- Office: Praetor (80 BC) Governor of Sicily (79 BC)
- Children: Gaius Claudius Marcellus

= Gaius Claudius Marcellus (praetor 80 BC) =

Roman senator

Gaius Claudius Marcellus (c. 120 BC – 50 BC or after) was a Roman senator.

==Life==
Marcellus was praetor apparently in 80 BC, and afterwards succeeded M. Aemilius Lepidus in the government of Sicily. He found that province in a state of great distress and confusion from the exactions and oppressions of his predecessor; but by the mildness and justice of his administration, he restored it to such a flourishing state, that Cicero tells he was looked upon by the Sicilians as the second savior of their country. Statues were erected to him in almost every city of the island; and the festival of the Marcellea already instituted in honor of his ancestor, Marcus Claudius Marcellus, was now renewed in his favor. Cicero, throughout his speeches against Verres, dwelled frequently upon the administration of Marcellus, as affording the most striking contrast to that of the accused. By a singular accident, Marcellus himself was present on that occasion, as one of the judges of Verres.

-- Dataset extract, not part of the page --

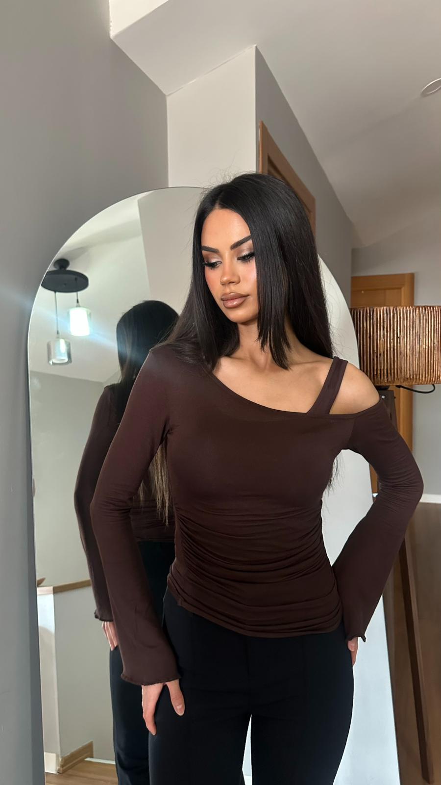 Kayık Yaka Uzun Kollu Bluz ve Askılı Atlet Takımı – Kahverengi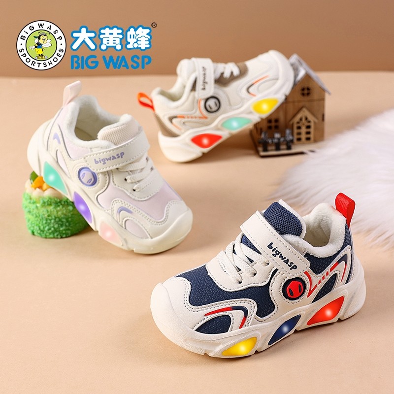 大黄蜂童鞋冬季男宝宝鞋子棉鞋小童灯鞋女运动加绒保暖儿童机能鞋

Marcellus held the office of augur, in which Cicero was one of his colleagues, and is cited by him as one of those who regarded the whole science of augury as a merely political institution. He lived to see his son, also called Gaius Claudius Marcellus, elected consul for the year 50 BC; and on that occasion Cicero wrote him a letter of congratulation. Elsewhere also the latter dwells in the strongest manner upon the respect and affection with which he had always regarded Marcellus.